Return all of the data exactly, omitting any images.

## EXERCISE DATA

------------------------------

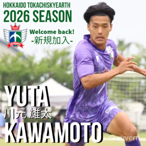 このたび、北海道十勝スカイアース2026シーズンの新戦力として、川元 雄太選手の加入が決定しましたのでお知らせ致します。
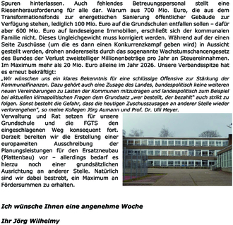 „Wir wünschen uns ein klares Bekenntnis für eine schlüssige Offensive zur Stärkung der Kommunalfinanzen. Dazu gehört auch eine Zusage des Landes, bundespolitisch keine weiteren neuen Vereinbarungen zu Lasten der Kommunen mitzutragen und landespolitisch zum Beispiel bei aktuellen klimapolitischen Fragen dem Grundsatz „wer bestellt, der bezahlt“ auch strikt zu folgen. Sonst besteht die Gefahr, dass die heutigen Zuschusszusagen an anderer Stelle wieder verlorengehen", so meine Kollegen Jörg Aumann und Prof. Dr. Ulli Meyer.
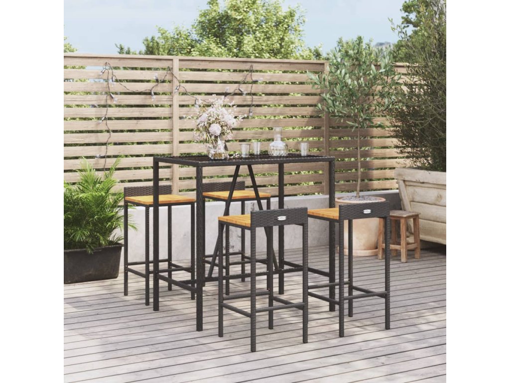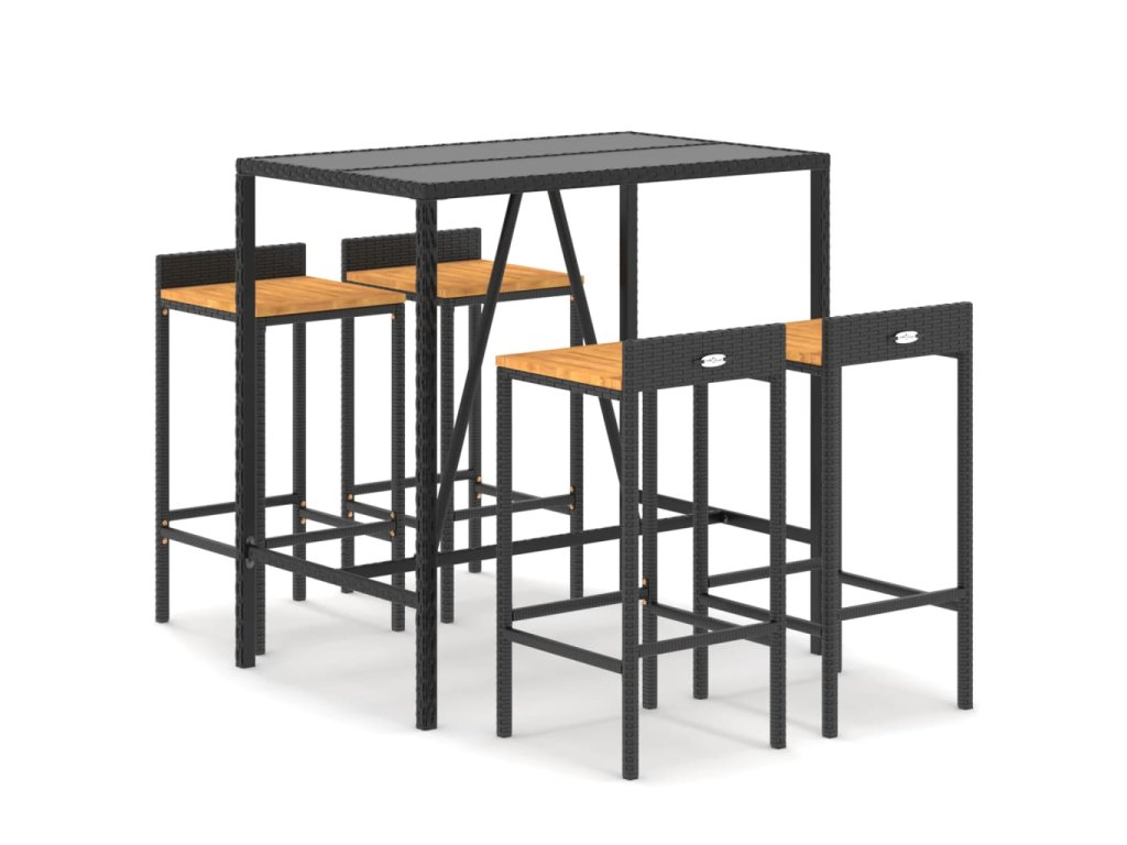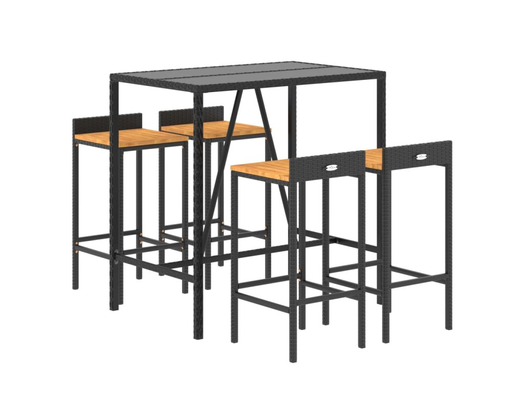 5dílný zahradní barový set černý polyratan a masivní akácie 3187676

------------------------------

## RESULT FOR THIS TASK
 このたび、北海道十勝スカイアース2026シーズンの新戦力として、川元 雄太選手の加入が決定しましたのでお知らせ致します。
 „Wir wünschen uns ein klares Bekenntnis für eine schlüssige Offensive zur Stärkung der Kommunalfinanzen. Dazu gehört auch eine Zusage des Landes, bundespolitisch keine weiteren neuen Vereinbarungen zu Lasten der Kommunen mitzutragen und landespolitisch zum Beispiel bei aktuellen klimapolitischen Fragen dem Grundsatz „wer bestellt, der bezahlt“ auch strikt zu folgen. Sonst besteht die Gefahr, dass die heutigen Zuschusszusagen an anderer Stelle wieder verlorengehen", so meine Kollegen Jörg Aumann und Prof. Dr. Ulli Meyer.
 5dílný zahradní barový set černý polyratan a masivní akácie 3187676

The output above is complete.